03/05/2026
Last week one of the Murdoch papers had a go at Scottish salmon. At first, I thought it was another sweaty sock hit piece - but turns out it was absolutely spot on.
Pictures of diseased fish with red eyes and rotting flesh swimming in nets in our lochs. Comments from industry lackeys trying to brush it under the carpet - “nothing to see here guv!”
But crofters and locals living near these farms have a different story to tell. Having worked on a few aquaculture projects over the years, I’ve witnessed it first-hand too.
And once you’ve seen it, it’s hard to unsee - yet this sordid tale didn’t start yesterday. The grip on our salmon was seized centuries ago and we’ve been living with the consequences ever since.
Before David I of Scotland introduced feudal rule, land wasn’t owned in the way we understand it today.

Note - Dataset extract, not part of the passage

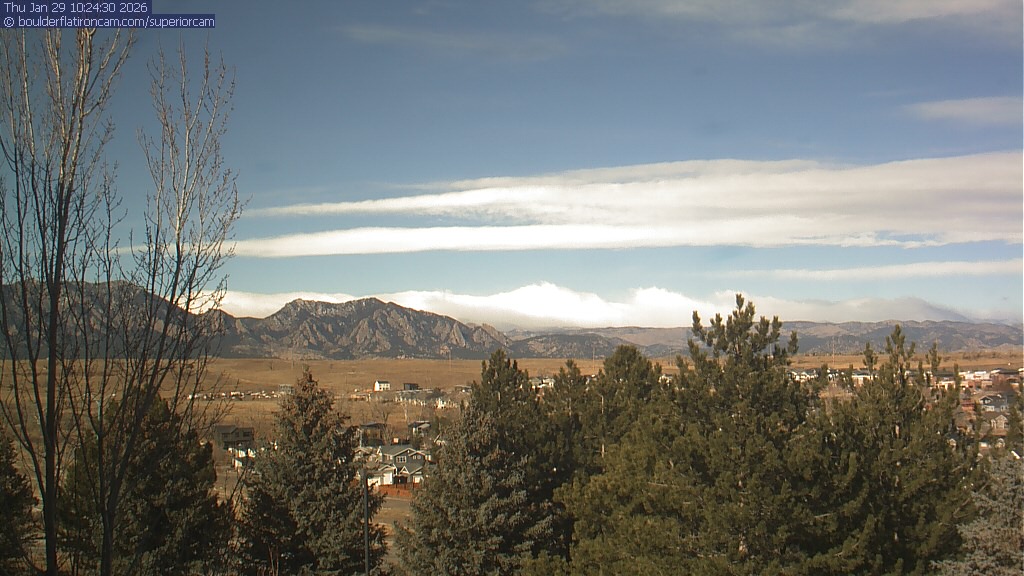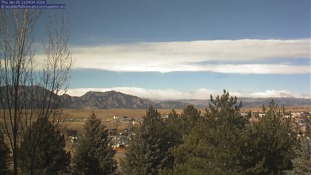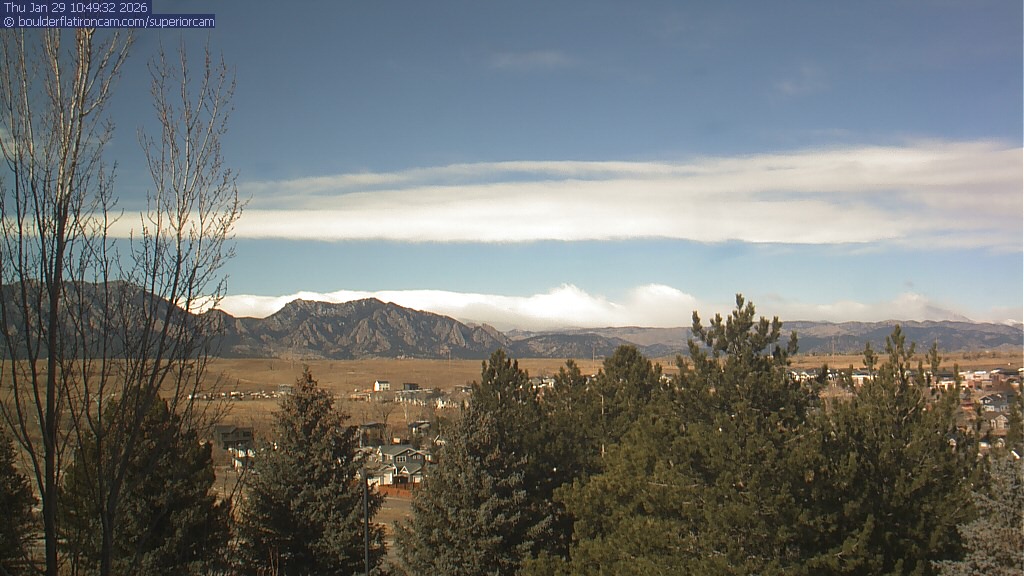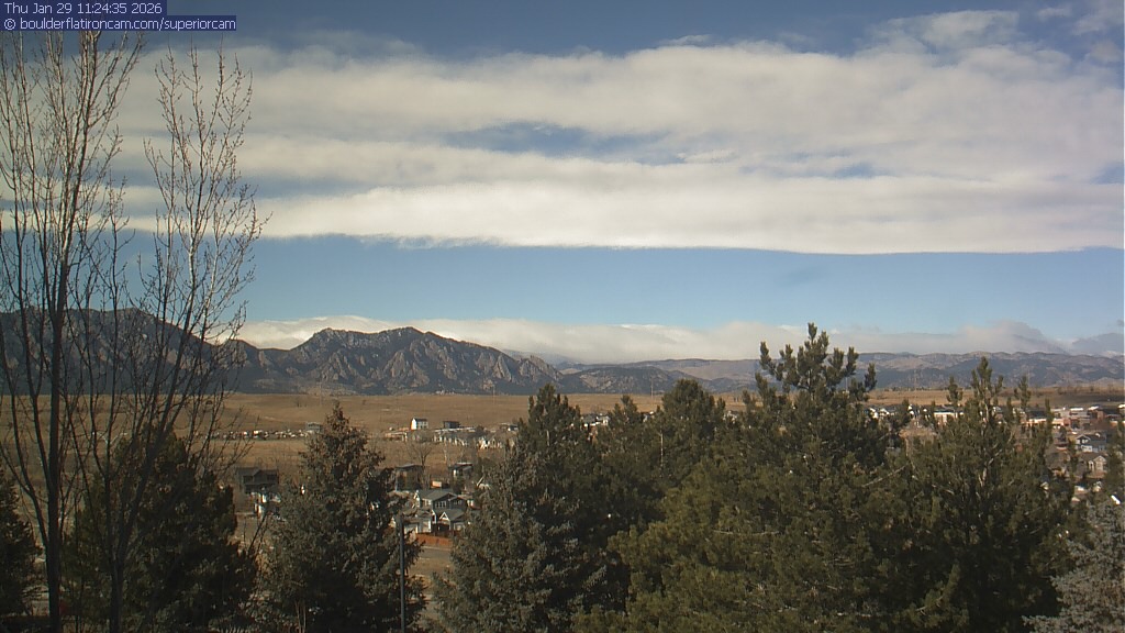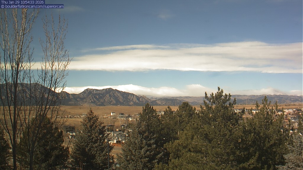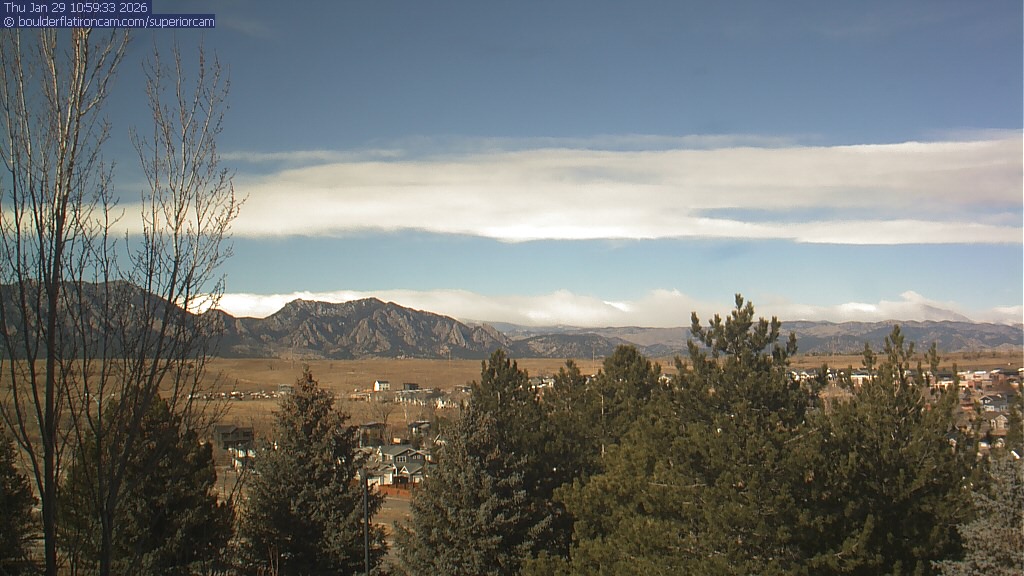 The Superior cam has a view to the northwest over Boulder, the Flatirons, Indian Peaks and Long’s Peak.   The Coal Creek trail is visible in the foreground with old town Superior.

It was held through kinship - tuaths and clans - communities bound to the land and water around them.
Rivers weren’t restricted or off limits. If you lived by them, you fished them. Salmon fed families, sustained local populations, and moved with the rhythms of the seasons rather than demands of distant markets.
Then David came back from exile down south and rewrote the rules. He invited in outside power - Benedictine monks, Norman families like de Brus (ancestors of Robert the Bruce), and the infamous Knights Templar.
In return for loyalty and military muscle, they were handed land that had belonged to clans for generations.
With that land came the rivers… and with the rivers came the salmon.
What had been a shared food source was soon fenced off and exclusive rights enforced. Locals were marginalised and catching salmon became a crime. Clan land, clan rivers, and clan food handed to powerful outsiders with the stroke of a pen.
This wasn’t stewardship. It was extraction. Taken from local people and sold to wealthy elites across Europe.
They built weirs across rivers to trap salmon in bulk and turned a living system into a commercial pipeline. But even then, they knew not to break it completely. Weirs had to be opened between Saturday and Monday to let salmon pass upstream and spawn. Not out of principle – to preserve profits.
Fast forward, and the pattern is all too familiar. The last independent Scottish salmon farmer was bought out in 2022. Today the industry is controlled by multinational corporations, institutional investors, and billionaire playboys.
Same grip. Different hands. With decisions made far from the communities most affected.
And the farmed fish we’re left eating today? Nothing like the wild salmon that once ran these rivers! Bred to grow fast and fat. Fed on processed fishmeal and vegetable oils. Packed into pens where disease spreads fast - sea lice, infections, chronic stress.
Those images in last week’s paper aren’t rare. It’s what happens when you push a system too far.
Even nutritionally, it’s a massive step down. Less omega-3. Less vitamin A & D. Less calcium and iron… but more contaminants!
At the same time, wild salmon stocks in Scotland are collapsing to the lowest levels ever recorded. We’re told it’s because of climate change… but that old chestnut doesn’t wash either.
During the Medieval Warm Period – when temperatures were higher than today - populations across Europe skyrocketed. More mouths to feed meant more grain, and more grain meant more mills.
So, they industrialised their rivers and large vertical watermills were thrown up at scale - damming, diverting, and dredging waterways. In the process, they tore up gravel beds, choked migration routes, and hammered the very ecosystems salmon depend on.
Scotland took a different approach. Here, milling was a local affair. Smaller, horizontal mills - simple contraptions powered by fast-flowing burns - serviced families and tight-knit communities rather than sprawling populations.
Our ancestors didn’t need to dam entire rivers or rip up the riverbed to feed everyone. Waterways kept their shape, spawning grounds stayed intact, and salmon kept running as they always had.
So, blaming the collapse of Scottish salmon on global warming doesn’t stack up. It’s about interference. Control. Turning a natural system into a machine for profit.
For over a thousand years, Scottish salmon has been taken out of local hands. First by kings, monks, foreign nobles, and funny handshake military orders. Today it’s multinational corporations and global investors.
And the result is there in plain sight. Diseased fish in our lochs. Wild salmon disappearing from our rivers. So, is it time we paused for a rethink?
Let the lochs recover. Let wild stocks rebuild. And get our omega-3 from wild fish that actually lived as nature intended?
Because this isn’t just about the atrocities of industrially farmed salmon.
It’s about who (or what) controls our food.